It’s when travelling that you understand how ignorant you are.
I felt, for example, so foolish in Poland for not knowing their language.
I struggled to say thank you, and I still have no idea how to say “Please”.
Then there was all the history of Krakow of which I was completely oblivious.
Being in Krakow was like being in a parallel world. Familiar and weirdly unfamiliar at the same time.
I found the lack of language ability on my part to be such a barrier.
One of the guests smiled at me as we waited outside the church. Later this same person stood for a photograph together with the bride and groom. I was also asked to stand with them. This was a great honour as in Polish weddings family/guest photos are not taken; as usually, the bride and groom are photographed in scenic places alone.
In Krakow I had been passed by several brides and grooms on route with their photographer walking alone to various scenic spots for a dramatic photo opportunity: all a bit staged and contrived. The tram terminal seemed to be a particular favourite such venue with one of the Krakow photographers.
On the road to Żywiec we passed another already married couple being photographed on a dam wall.
However, as the wedding I was attending was aiming to combine both Polish and English traditions the groom had prevailed upon his photographer to take a few shots of family and guests.
The groom had already told me that he was determined to get a photograph of me. I thought he was joking. He wasn’t. Now I am not at all photogenic, being 99% all teeth and 1% cock-eyed, and then to ruin most photos with my gargoyle presence, so I was surprised to be asked to join this small group.
“It’s because we don’t have a photograph of you,” the groom explained. “And also you are my godmother and this is Maria the bride’s godmother.”

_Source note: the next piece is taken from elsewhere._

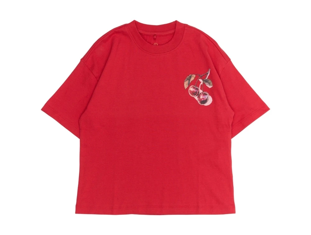 THE NEW oversized t-shirt i rød med kirsebærprint og tekst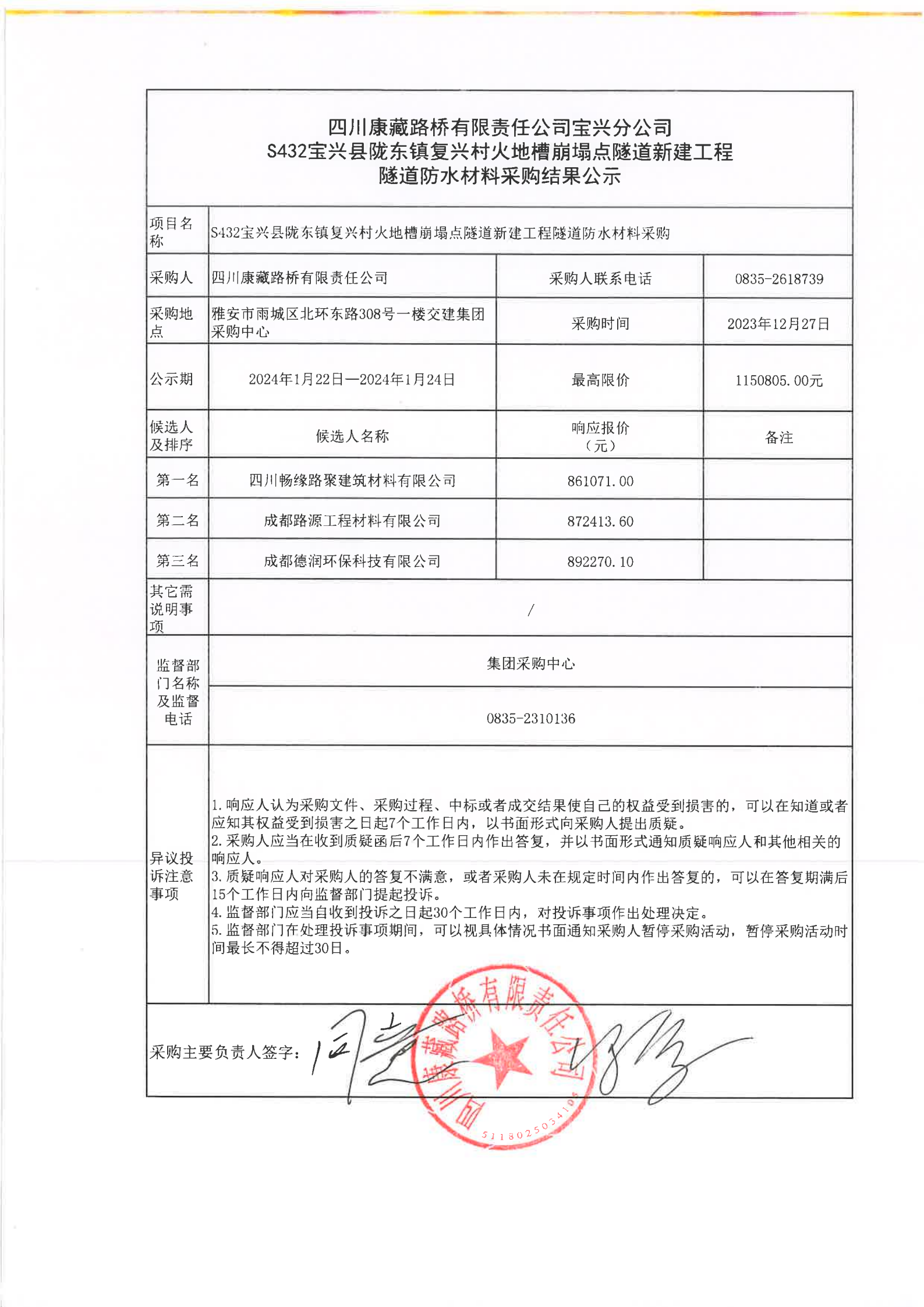 四川康藏路橋有限責任公司寶興分公司S432寶興縣隴東鎮(zhèn)復(fù)興村火地槽崩塌點隧道新建工程隧道防水材料采購結(jié)果公示

Maria smiled at me following this introducing, and exclaimed over the similarity of our roles. And so we then posed for the photographer, who did not look at all happy with the figure standing next to the groom and who looked less than pleased that I wasn’t a tram or a vast expanse of dammed water.
Much later during the reception I went to sit with Maria. I wanted to just chat with her. I knew she didn’t understand English, and that didn’t matter to me. I wanted to just say something, anything. I wasn’t at all interested in being understood. It wasn’t important. I just wanted to use gesture and smiles and to chat. I was hoping that she would reply in Polish and that we could then companionably chatter to each other sitting side by side saying whatever came into out heads and not being understood at all.
Unluckily my presence flummoxed her. She was appalled by me suddenly sitting by her side and yabbering away in an incomprehensible language. She felt embarrassed that she couldn’t understand me. In alarm she filled up a glass with vodka, then raised her glass in a toast. She looked as if she’d be happiest after the toast was drunk if she could climb into the nearest hole to get away from this bizarre English woman that had suddenly attached herself to her side.
Polish weddings don’t end until the wee hours. And at five in the morning Maria finally got up to leave together with the rest of her group. She shook hands with all those who had by now also joined this table.
What was so special for me was the warm hug she gave me as we said our goodbyes. It was as if we were kindred spirits.
Maria was a far better godmother to the bride than I had ever been to the groom, for the couple had married in a Catholic church, and the groom had converted to Catholicism in order to do so.
However, the groom’s parents were not at all displeased by the outcome; for they had chosen me to be their son’s godmother even though they had known I was an atheist.
Perhaps atheists make the best godparents after all… discuss!